I wanted to see if nodes get in each others way when doing 8-core-running-11-nodes, so I fired up some 16-core aws virtual machines which should leave some cores free (although now with multithreading in node that’s probably not true?!)
In summary, yes nodes do tend to get in the way of each other. Running 1 node per vCPU seems about the best ratio.
To clarify some terminology, a vCPU is not necessarily one cpu core. eg on my laptop I have 4 physical cores but with hyperthreading I get 2 vCPUs per physical core, so that’s a total of 8 vCPUs. This shows as 8 individual cpu graphs in task manager.
The basic test is:
Run baby fleming with node v0.49.8 and 11 nodes
Upload 10 MiB file using sn_cli v0.29.2
A1 ARM Procesors
Firstly, the A1 series of processors. From aws instance types: A1 instances are the first EC2 instances powered by AWS Graviton Processors that feature 64-bit Arm Neoverse cores and custom silicon designed by AWS.
Since maidsafe does not put out releases for arm architecture, I built the code on the first vm I started then copied those binaries to each of the other vms for the rest of the tests.

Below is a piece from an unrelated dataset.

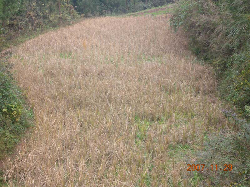 这户人家的稻田里,秋收留下的稻草在微风中飘舞,给人一种荒凉的感觉。这样上好田地只种一季水稻。

Type | Time (s) | vCPUs | RAM (GB) |
---|---|---|---|
a1.medium | >600 | 1 | 2 |
a1.large | >600 | 2 | 4 |
a1.xlarge | 82.705 | 4 | 8 |
a1.2xlarge | 42.559 | 8 | 16 |
a1.4xlarge | 31.138 | 16 | 32 |
a1.metal | 29.645 | 16 | 32 |
A tangential observation, I could not build with musl on arm. The ring
crate was throwing an error, didn’t dig into it though, maybe one to look into later.
Command to try to build for aarch64 musl was
cargo build --release --target aarch64-unknown-linux-musl
M6G ARM Processors
From AWS: “deliver up to 40% better price/performance over current generation M5 instances and offer a balance of compute, memory, and networking resources for a broad set of workloads.”
Type | Time (s) | vCPUs | RAM (GB) |
---|---|---|---|
m6g.medium | >600 | 1 | 4 |
m6g.large | >600 | 2 | 8 |
m6g.xlarge | 63.871 | 4 | 16 |
m6g.2xlarge | 35.680 | 8 | 32 |
m6g.4xlarge | 25.345 | 16 | 64 |
m6g.8xlarge | 25.091 | 32 | 128 |
m6g.12xlarge | 25.315 | 48 | 192 |
m6g.16xlarge | 25.512 | 64 | 256 |
m6g.metal | ? | 64 | 256 |
I couldn’t ssh into m6g.metal for some reason so there’s no result.
Once we get to 16+ cores the time stays pretty stable, shows that 11 nodes on 8 or less vCPUs is hitting some cpu bottlenecks.
M5 X86 Processors
“the latest generation of General Purpose Instances powered by Intel Xeon® Platinum 8175M processors. This family provides a balance of compute, memory, and network resources, and is a good choice for many applications.”
Type | Time (s) | vCPUs | RAM (GB) |
---|---|---|---|
m5.large | 113.684 | 2 | 8 |
m5.xlarge | 57.282 | 4 | 16 |
m5.2xlarge | 30.285 | 8 | 32 |
m5.4xlarge | 17.201 | 16 | 64 |
m5.8xlarge | 14.951 | 32 | 128 |
m5.12xlarge | 13.844 | 48 | 192 |
m5.16xlarge | 13.952 | 64 | 256 |
m5.24xlarge | 13.719 | 96 | 384 |
m5.metal | 14.125 | 96 | 384 |
And yes, all 96 cores are used, shown here:
Improved bls lib
Following on from this post which says “3. Integrate a faster threshold_crypto” I thought let’s see what that’s like on the fastest platform the m5.24xlarge
m5.24xlarge gives 8.633s for the new lib vs 13.719s for the old one, quite a lot faster.
I also happened to test m5.metal which gave 12.422s for the new lib vs 14.125s for the old one.